Use of Phenomics in the Selection of UAV-Based Vegetation Indices and Prediction of Agronomic Traits in Soybean Subjected to Flooding

Round 1

Reviewer 1 Report

Comments and Suggestions for Authors

This study is based on UAV multispectral vegetation index characterisation of soybean genotypes in response to flooding and prediction of agronomic traits, this study is interesting and I think it can be published in agriengineering journal after revision, below are my specific comments.

1. The description of the statistical methods is not clear enough, resulting in an incomplete presentation of the results, which needs to be improved. The purpose of the method description is to allow the reader to relate to the results presentation from the flow of the author's study.

2. It is suggested that the authors add subheadings in the results section to enhance the logic of the article.

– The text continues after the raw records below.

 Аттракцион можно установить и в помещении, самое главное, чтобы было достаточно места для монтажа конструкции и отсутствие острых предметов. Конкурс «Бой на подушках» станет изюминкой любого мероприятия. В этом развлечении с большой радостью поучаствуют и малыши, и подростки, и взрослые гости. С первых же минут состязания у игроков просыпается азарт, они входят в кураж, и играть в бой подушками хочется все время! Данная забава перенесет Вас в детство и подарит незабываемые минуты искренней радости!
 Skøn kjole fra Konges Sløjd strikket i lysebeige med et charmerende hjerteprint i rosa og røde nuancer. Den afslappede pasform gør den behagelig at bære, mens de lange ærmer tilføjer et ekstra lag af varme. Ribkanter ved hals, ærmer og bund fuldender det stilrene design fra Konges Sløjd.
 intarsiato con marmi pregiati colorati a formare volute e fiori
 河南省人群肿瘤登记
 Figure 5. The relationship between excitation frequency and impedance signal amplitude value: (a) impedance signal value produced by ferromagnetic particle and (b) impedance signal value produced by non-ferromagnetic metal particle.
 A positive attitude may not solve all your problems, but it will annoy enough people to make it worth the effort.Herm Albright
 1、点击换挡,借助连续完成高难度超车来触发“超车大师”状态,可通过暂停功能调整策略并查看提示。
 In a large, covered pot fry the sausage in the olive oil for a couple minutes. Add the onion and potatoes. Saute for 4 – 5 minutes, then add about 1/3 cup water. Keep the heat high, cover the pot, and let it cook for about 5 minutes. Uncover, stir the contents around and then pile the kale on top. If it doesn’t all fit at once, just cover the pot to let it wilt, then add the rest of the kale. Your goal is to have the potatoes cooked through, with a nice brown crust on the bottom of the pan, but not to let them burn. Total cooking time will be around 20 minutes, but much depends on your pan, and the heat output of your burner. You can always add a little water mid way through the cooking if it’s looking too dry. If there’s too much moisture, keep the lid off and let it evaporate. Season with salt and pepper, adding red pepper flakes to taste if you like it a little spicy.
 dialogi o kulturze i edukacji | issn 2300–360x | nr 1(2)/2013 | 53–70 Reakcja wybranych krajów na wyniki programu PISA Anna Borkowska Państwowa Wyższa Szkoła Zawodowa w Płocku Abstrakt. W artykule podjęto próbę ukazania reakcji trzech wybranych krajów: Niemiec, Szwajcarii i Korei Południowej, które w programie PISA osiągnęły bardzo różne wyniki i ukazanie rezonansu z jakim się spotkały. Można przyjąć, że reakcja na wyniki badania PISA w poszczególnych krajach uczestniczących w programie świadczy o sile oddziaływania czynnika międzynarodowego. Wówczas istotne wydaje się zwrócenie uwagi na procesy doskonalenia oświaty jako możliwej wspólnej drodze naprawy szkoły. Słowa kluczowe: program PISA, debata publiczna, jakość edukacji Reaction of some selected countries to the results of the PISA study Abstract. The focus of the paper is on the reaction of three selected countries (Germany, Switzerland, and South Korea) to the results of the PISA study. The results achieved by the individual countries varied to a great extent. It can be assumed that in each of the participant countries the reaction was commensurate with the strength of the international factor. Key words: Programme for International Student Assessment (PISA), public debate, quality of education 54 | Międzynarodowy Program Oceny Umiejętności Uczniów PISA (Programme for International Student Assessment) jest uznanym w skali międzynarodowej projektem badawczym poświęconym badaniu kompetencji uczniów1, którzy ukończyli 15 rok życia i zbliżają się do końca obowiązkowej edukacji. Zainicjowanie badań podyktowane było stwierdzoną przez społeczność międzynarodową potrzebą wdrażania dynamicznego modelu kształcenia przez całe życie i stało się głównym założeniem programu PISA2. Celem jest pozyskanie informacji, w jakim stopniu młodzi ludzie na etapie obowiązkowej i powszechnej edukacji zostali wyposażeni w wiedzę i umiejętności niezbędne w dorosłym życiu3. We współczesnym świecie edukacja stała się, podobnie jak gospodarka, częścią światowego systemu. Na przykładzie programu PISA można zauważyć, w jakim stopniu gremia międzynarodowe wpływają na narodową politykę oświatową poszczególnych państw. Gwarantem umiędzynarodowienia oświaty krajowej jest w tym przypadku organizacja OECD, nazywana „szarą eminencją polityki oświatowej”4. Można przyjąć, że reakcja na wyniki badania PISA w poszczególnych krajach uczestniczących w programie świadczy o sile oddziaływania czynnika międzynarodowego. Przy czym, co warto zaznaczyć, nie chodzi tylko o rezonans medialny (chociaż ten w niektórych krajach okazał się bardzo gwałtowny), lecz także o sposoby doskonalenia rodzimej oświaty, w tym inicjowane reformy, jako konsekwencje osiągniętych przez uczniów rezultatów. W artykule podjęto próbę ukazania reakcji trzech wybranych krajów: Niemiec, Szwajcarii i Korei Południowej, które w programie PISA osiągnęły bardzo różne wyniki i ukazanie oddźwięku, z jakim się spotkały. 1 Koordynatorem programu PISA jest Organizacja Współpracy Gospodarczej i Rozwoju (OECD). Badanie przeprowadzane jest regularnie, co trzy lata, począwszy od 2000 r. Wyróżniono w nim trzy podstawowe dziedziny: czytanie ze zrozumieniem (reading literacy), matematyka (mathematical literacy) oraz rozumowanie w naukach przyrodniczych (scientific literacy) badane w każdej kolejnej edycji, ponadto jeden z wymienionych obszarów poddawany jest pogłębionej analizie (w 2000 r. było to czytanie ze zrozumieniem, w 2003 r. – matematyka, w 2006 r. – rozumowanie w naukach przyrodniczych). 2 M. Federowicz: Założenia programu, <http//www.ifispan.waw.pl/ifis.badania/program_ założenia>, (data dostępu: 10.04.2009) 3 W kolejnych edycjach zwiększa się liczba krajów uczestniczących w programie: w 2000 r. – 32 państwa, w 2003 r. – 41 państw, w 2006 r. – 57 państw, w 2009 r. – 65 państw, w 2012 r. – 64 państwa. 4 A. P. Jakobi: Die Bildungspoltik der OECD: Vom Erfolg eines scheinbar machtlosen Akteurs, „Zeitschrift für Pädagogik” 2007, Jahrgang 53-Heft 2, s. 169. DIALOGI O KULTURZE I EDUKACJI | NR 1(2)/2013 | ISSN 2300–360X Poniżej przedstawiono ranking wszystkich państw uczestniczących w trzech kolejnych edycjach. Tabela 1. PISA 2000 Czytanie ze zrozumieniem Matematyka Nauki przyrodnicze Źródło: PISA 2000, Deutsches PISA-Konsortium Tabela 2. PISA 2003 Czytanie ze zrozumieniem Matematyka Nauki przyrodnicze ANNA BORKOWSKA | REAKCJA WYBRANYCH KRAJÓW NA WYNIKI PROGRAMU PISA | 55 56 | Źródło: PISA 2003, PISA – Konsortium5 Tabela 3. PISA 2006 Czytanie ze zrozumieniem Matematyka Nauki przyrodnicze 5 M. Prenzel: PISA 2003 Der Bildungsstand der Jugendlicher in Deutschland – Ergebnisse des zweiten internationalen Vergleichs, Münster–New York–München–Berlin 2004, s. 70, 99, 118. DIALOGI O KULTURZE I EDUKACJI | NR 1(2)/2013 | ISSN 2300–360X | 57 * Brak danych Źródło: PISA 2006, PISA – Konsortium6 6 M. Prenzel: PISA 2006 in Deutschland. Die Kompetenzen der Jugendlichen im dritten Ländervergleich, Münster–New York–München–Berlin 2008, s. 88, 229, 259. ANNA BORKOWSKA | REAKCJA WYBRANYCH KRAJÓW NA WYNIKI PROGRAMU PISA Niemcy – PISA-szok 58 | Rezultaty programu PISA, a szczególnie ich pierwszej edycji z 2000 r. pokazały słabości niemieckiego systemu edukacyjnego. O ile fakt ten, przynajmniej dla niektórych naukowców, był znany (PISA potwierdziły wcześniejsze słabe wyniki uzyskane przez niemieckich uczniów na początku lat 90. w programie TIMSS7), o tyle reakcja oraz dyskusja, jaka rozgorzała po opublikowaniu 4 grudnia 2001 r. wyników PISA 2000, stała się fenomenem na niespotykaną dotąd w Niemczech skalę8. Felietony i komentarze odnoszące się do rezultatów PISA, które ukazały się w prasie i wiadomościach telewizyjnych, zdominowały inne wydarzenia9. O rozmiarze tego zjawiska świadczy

3. The description of the conclusion part is too little, and it needs to highly summarise the patterns and conclusions obtained from the whole study.

4. It is suggested that the authors add a workflow diagram.

Comments on the Quality of English Language

Minor editing of English language required.

Author Response

REVIEWER 1

Quality of English Language

( ) I am not qualified to assess the quality of English in this paper.
( ) The English is very difficult to understand/incomprehensible.
( ) Extensive editing of English language required.
( ) Moderate editing of English language required.
(x) Minor editing of English language required.
( ) English language fine. No issues detected.

 AUTHORS: the manuscript has been carefully analyzed for English language.

 Comments and Suggestions for Authors

This study is based on UAV multispectral vegetation index characterisation of soybean genotypes in response to flooding and prediction of agronomic traits, this study is interesting and I think it can be published in agriengineering journal after revision, below are my specific comments.

 

REVIEWER: The description of the statistical methods is not clear enough, resulting in an incomplete presentation of the results, which needs to be improved. The purpose of the method description is to allow the reader to relate to the results presentation from the flow of the author's study.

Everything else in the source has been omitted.